− Хэмпер позволит мне работать на своей фабрике, когда отрежет себе свою правую руку, не раньше и не позже, — тихо ответил Николас.
Маргарет печально умолкла.
− Кстати, о жалованьи, — сказал мистер Хейл. — Вы не обижайтесь, но я думаю, вы допустили несколько серьезных ошибок. Я бы хотел прочитать вам несколько высказываний из книги, которая у меня есть, — он поднялся и подошел к книжным полкам.
− Не беспокойтесь, сэр, — сказал Николас. — Вся эта книжная чепуха влетает в одно ухо, а вылетает в другое. На меня это не произведет впечатления. Прежде чем между мной и Хэмпером произошел раскол, надсмотрщик рассказал ему, что я подговаривал рабочих просить большее жалованье. И Хэмпер встретил меня однажды во дворе. У него была тонкая книжка в руке, и он сказал: «Хиггинс, мне сказали, что ты один из тех проклятых дураков, что думают, что могут получать больше, если попросят. Да, вот ты и содержи их, когда повысишь им жалованье. Так, я даю тебе шанс и испытаю, есть ли у тебя разум. Вот книга, написанная моим другом, и если ты прочтешь ее, ты поймешь, от чего зависят размеры жалованья, и что ни хозяева, ни рабочие никак не могут на это повлиять, пусть даже они целыми днями надрывают свои глотки в забастовке как отъявленные дураки». Ну, сэр, я рассказал это вам — священнику, когда-то проповедовавшему и пытавшемуся убедить людей в том, что вам казалось правильным. Разве вы бы начали свою проповедь с того, что назвали их дураками или чем-то подобным, разве сначала бы вы не сказали им каких-то добрых слов, чтобы заставить их слушать и верить. И в вашей проповеди вы бы не останавливались каждый раз и не говорили бы им: «Вы — просто куча дураков, и я всерьез подозреваю, что мне бесполезно пытаться вложить в вас разум?» Я был сильно рассержен; я признаю, что взялся читать то, что написал друг Хэмпера… я был сильно возмущен этой манерой обращения ко мне, но я подумал: «Спокойно. Я пойму, что говорят эти парни, и проверю: они — простаки или я». Поэтому я взял книгу и с трудом прочел ее. Но, Господи помилуй, в ней говорилось о капитале и труде, труде и капитале, до тех пор, пока она не усыпила меня. Я не смог правильно уяснить себе, что есть что. О них говорилось, как будто они были добродетелью и злом. А все, что я хотел знать, есть ли права у людей, богатые они или бедные… были бы они только людьми.

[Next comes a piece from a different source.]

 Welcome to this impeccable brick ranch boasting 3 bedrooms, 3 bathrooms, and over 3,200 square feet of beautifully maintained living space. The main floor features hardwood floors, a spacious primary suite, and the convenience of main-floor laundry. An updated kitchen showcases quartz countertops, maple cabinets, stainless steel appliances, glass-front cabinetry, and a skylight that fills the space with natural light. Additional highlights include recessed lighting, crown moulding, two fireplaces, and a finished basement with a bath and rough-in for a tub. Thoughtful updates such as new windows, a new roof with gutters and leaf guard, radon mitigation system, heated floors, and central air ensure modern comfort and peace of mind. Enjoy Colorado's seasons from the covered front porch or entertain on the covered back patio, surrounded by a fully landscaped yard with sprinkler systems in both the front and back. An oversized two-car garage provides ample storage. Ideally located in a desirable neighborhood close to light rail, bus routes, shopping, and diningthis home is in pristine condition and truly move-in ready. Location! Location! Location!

− Мистер Хиггинс, — произнес мистер Хейл, — я допускаю, что вас возмутил оскорбительный, глупый и нехристианский тон, каким мистер Хэмпер говорил с вами, рекомендуя книгу своего друга. Но если в этой книге говорилось, что жалованье не зависит от воли хозяев или рабочих, и что большинство успешно закончившихся забастовок могут лишь на время повысить его, а после, из-за результатов самой забастовки оно стремительно падает, значит, — книга рассказала вам правду.

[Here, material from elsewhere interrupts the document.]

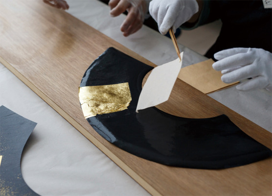 箔の自然に割れる表情や、薄さ、柔らかさなどの特性を活かし、職人の手作業により一点一点表情が異なる扇子に仕上げました。

− Ну, сэр, — сказал Хиггинс упрямо, — может быть, а может, и нет. На эту точку зрения есть два мнения. Но пусть даже правда была вдвойне серьезней, но это не моя правда, если я не могу понять ее. Осмелюсь сказать, что в ваших латинских книгах на полках есть правда, но и это не моя правда, хоть я и понимаю значения слов. Если вы, сэр, или какой другой образованный, терпеливый человек придете ко мне и скажете, что научите меня понимать эти слова и не будете бранить меня, если я немного глуп и не понимаю, как одна вещь связана с другой, тогда через какое-то время я, может быть, и пойму эту правду, или не пойму. Я не буду клясться, что стану думать так же, как вы. Я не из тех, кто думает, что правду можно слепить из слов, такую чистую и аккуратную, как листы железа, что вырезают рабочие в литейном цеху. Не всякий проглотит одни и те же кости. Одна застрянет у человека в горле здесь, а другая — там. Уж не говоря о том, что для одного правда может оказаться сильной, а для другого — слишком слабой. Люди, которые намерены вылечить мир своей правдой, должны по-разному подходить к разным умам, и быть немного нежнее, когда преподносят им эту правду, — или бедные больные дураки выплюнут им ее в лицо. Теперь Хэмпер первый обвиняет меня и говорит, что это не пойдет мне на пользу, что я такой дурак, вот так то.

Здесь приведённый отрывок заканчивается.